Hydrometallurgy is a process for separating metals in an aqueous solution, usually with the aid of chemical reagents, carried out at low temperatures. It is an alternative to the traditional battery recycling method based on pyrometallurgy, in which metals are heated to above 1,000 degrees Celsius (ºC), requiring huge amounts of energy and generating more toxic gases as waste.
The use of hydrometallurgy for lithium-ion battery recycling is a recent development. Research centers around the world are refining the technique, but industrial-scale applications remain scarce. The Brazilian pilot plant will be based at the Institute for Technological Research (IPT) in São Paulo.
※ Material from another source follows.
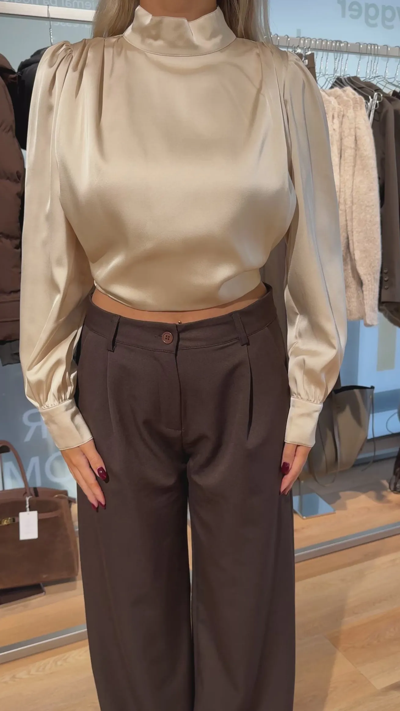 Ana blusen har en åben ryg og lukkes i nakken. Den har knapper på ærmerne som har en ballon form og går ind omkring håndleddet.

“What makes the technology that will be tested so important is the fact that hydrometallurgy is flexible. In one single process, it can be used to recover several chemical substances that make up the different types of lithium-ion batteries available on the market [see infographic],” says mechanical engineer André Ferrarese, director of research and disruptive development at Tupy. The first studies carried out at USP were funded by FAPESP. Tupy’s project has received funding from the Brazilian Funding Authority for Studies and Projects (FINEP) and the Brazilian Agency for Industrial Research and Innovation (EMBRAPII). Known hydrometallurgical solutions are not universal, since each type of battery has a distinct chemical composition and thus requires its own specific process.
The recycling method begins with disassembly of the battery pack, composed of a set of small battery cells containing an anode (negative pole) and cathode (positive pole) that generate the electrical current. Because these cells degrade at different rates, those still in good condition can be reused in new packs and sold as “second-life” batteries.
Fully degraded cells are subjected to grinding and mechanical or magnetic separation to remove plastics, electronics, and metals such as steel, aluminum, graphite, and copper from their casing. These materials are then sent to their respective existing recycling processes.
In a 2024 article in the scientific journal Industrial & Engineering Chemistry Research, the LAREX team behind the project described an integrated physical processing route for disassembling the three commercial forms of lithium-ion batteries: cylinders, prisms, and pouches.
After grinding and separating the raw materials, what remains is a dark powder known as black mass, formed by a mixture of high-value metal oxides from the anode and cathode. This material, composed of lithium oxides (Li₂O), nickel (NiO), cobalt (CoO), manganese (MnO₂), and other substances, is the primary target for recycling. The hydrometallurgical technique developed at LAREX begins with dissolving the black mass by sulfuric acid leaching, explains metallurgical engineer Professor Jorge Alberto Soares Tenório of Poli-USP, who leads the project together with Professor Denise Espinosa. Leaching is the process of extracting substances from solids through continuous dissolution in an aqueous medium.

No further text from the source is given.